An American Werewolf in London (1981) Review

  • Director: John Landis
  • Writer: John Landis
  • Stars: David Naughton, Jenny Agutter, Joe Belcher
  • Run Time: 1 Hour, 37 Minutes
  • Link: https://amzn.to/2PwriBv

Synopsis

A couple of backpackers are told to “keep off the moors; stick to the road.” They’re hiking across Northern England. They stop in at a pub in a tiny village, and none of the locals seem happy to see them. Jack notices the pentagram painted on the wall, and he says it’s the mark of the werewolf. David would prefer just to shut up and enjoy the warmth. They leave, and once again, they are warned to stay on the road.

The two guy hear something howling, and they figure out that they’re lost… in the moors. Jack is torn apart, and David gets wounded before the villagers from the pub show up and run the monster off with fired guns. Where did that naked dead man come from? Where did the monster go?

Three weeks later, David wakes up in a hospital in London. Jack is dead. The police were told the boys were attacked by a lunatic, but David insists that it was an animal. The police have the body of the perpetrator, and it’s clearly not an animal. David dreams of running through the woods naked. Then there are the dreams with killer Nazi monsters killing his whole family.

When he’s not dreaming, he’s hallucinating seeing Jack, still torn up and covered in blood. Jack explains that they were attacked by a werewolf. David is the last werewolf in that one’s line, and Jack explains that David is going to kill people. Jack can talk to ghosts, since he is one. Jack asks David to kill himself before it’s too late. David then tells Nurse Alex that he’s a werewolf; surprisingly, she doesn’t believe him.

Nurse Alex invites David to stay with her after he gets out of the hospital. She has more in mind than simply being altruistic, and the two have a steamy evening together. Dead Jack returns and warns that David is going to change tomorrow night. Again, he urges David to kill himself.

Meanwhile, Doctor Hirsch returns to East Proctor, the town with the inn from the early part of the movie. He goes to the pub and asks a bunch of questions about what happened. One of the men warns Hirsch about what’s coming.

Hirsch returns and has a talk with Nurse Alex. He seems to believe there may be something to what David has been saying. David might start harming people, even if he’s not a real werewolf he might think he’s one.

The moon comes up, and David tears off his clothes. His hands stretch into claws, his hair grows, and his body changes. Yes, he is a werewolf. He then kills a couple on the street. And then a few homeless. And a guy in the subway.

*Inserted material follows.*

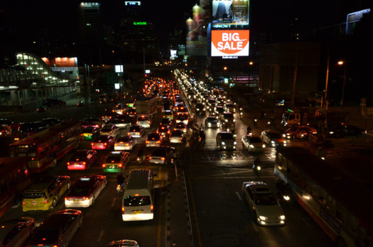 从baiyoke sky tower出来已经是晚上十点了,我们在楼下搭乘出租车回去。刚开始有些司机不打表叫价200B,没坐。另一次坐进去了,司机坚持不打表,又说了一堆我们听不懂的泰语,遂下车。刚下车,就有一辆的士经过,我们马上上车,司机是一位头发花白的老先生,我说to asok station,司机就很爽快答应了,没有乱要价。最后达到的计价是56B,我给了他60B,让他keep the change。

David wakes up naked the next morning in a wolf habitat at the zoo. Hirsch reads about the killings in the newspaper. David goes back to Alex’s and tells her what he remembers, which is nothing at all. Hirsch calls Alex to get her to bring David to him. David hears about the murders and runs away. Jack returns, along with the ghosts of David’s victims, to once again tell David he needs to die. They can’t rest until he does, and there will be more killings.

Night falls, and David changes again, this time in an adult movie theater. David roars through downtown London, causing dozens of traffic accidents and many, many deaths. The police corner David in a dead-end alley, and Alex and Hirsch run to protect David.

Alex confronts the werewolf hoping she can get through to David, he lunges for her, and the police shoot and kill him.

Commentary

This must have every “Moon” related song ever written in the soundtrack. The transformation scene was the best that had ever been done up to this point, and it was pretty painful-looking. Jack’s makeup looked really good too; each time he made an appearance he looked more rotten and decomposed. I wonder what he’d have looked like if this had gone on for another month?

The acting is good, the buildup and suspense before his first change is good, and everything is well paced. The ending is a little abrupt and rushed. It’s a werewolf classic, and this pretty much revitalized the werwolf genre, along with “The Howling” released the same year.